◆ TASK DIRECTIONS: For the data below, retype word for word the lines from the one containing "closets, dorms,garages, etc." through the one containing "Adult 3XL Rust"; drop the pictures.

◆ DATA LISTING:
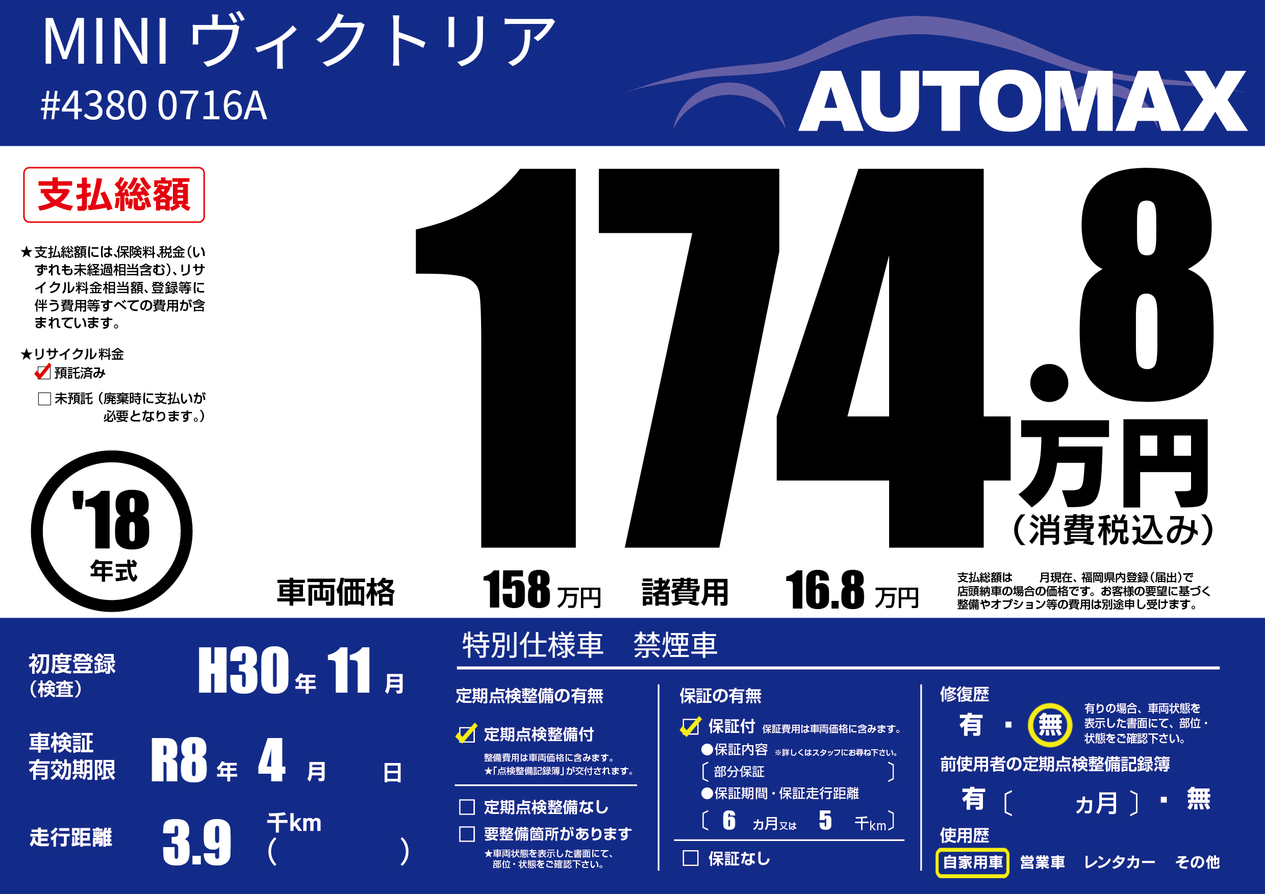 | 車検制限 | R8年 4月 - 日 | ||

==

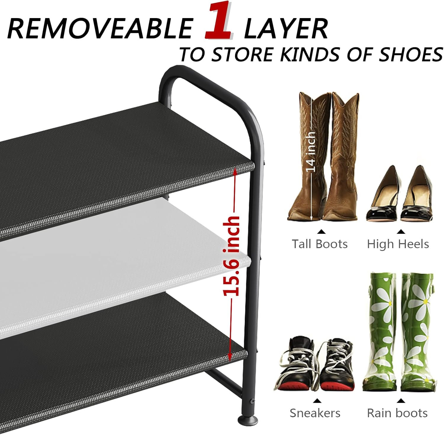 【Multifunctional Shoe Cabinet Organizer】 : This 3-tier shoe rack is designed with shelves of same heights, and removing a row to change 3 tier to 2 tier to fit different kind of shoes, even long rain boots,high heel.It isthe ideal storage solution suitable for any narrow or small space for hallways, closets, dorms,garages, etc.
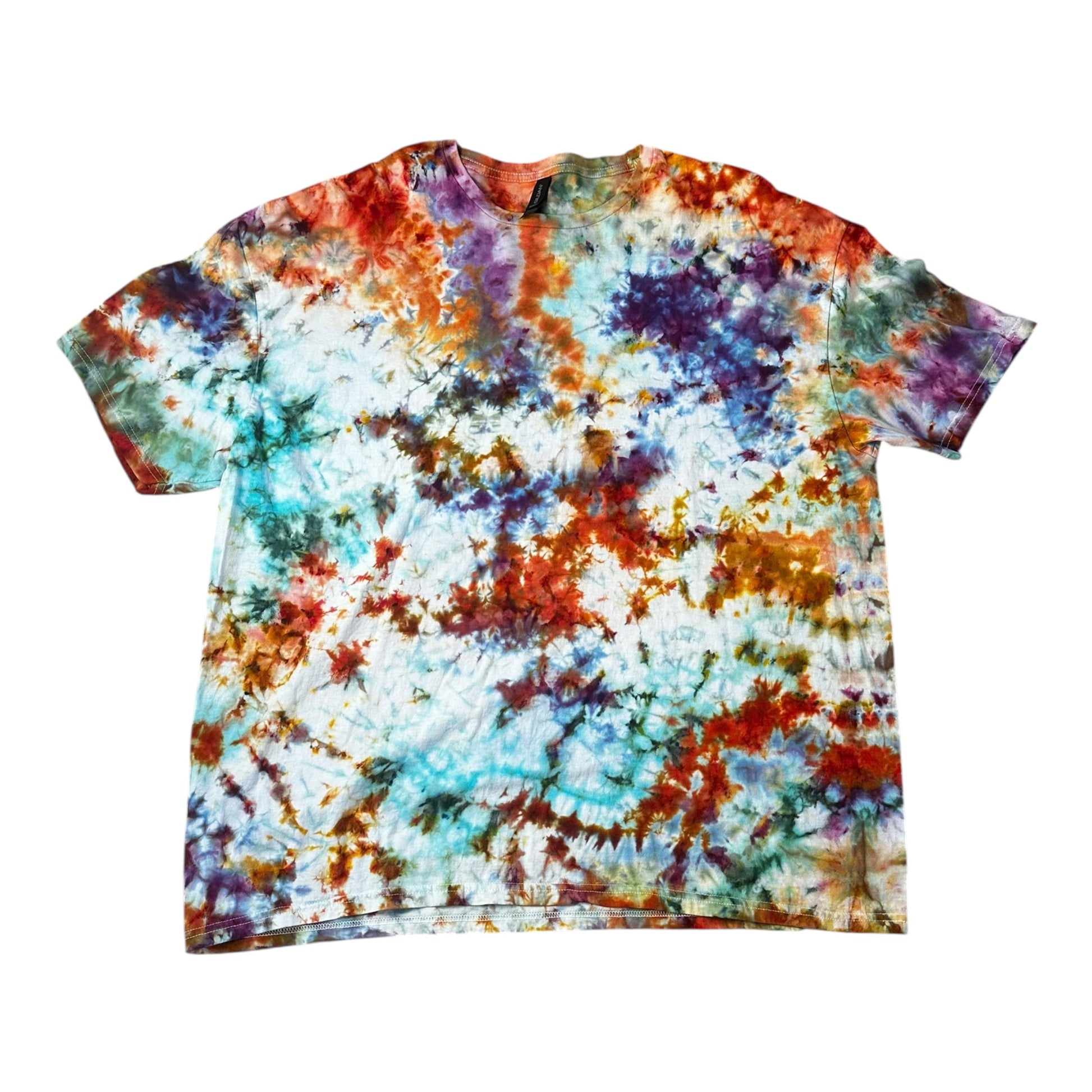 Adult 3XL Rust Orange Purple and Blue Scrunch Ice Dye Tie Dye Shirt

◆ SOLUTION TO THE EXERCISE:
 【Multifunctional Shoe Cabinet Organizer】 : This 3-tier shoe rack is designed with shelves of same heights, and removing a row to change 3 tier to 2 tier to fit different kind of shoes, even long rain boots,high heel.It isthe ideal storage solution suitable for any narrow or small space for hallways, closets, dorms,garages, etc.
 Adult 3XL Rust Orange Purple and Blue Scrunch Ice Dye Tie Dye Shirt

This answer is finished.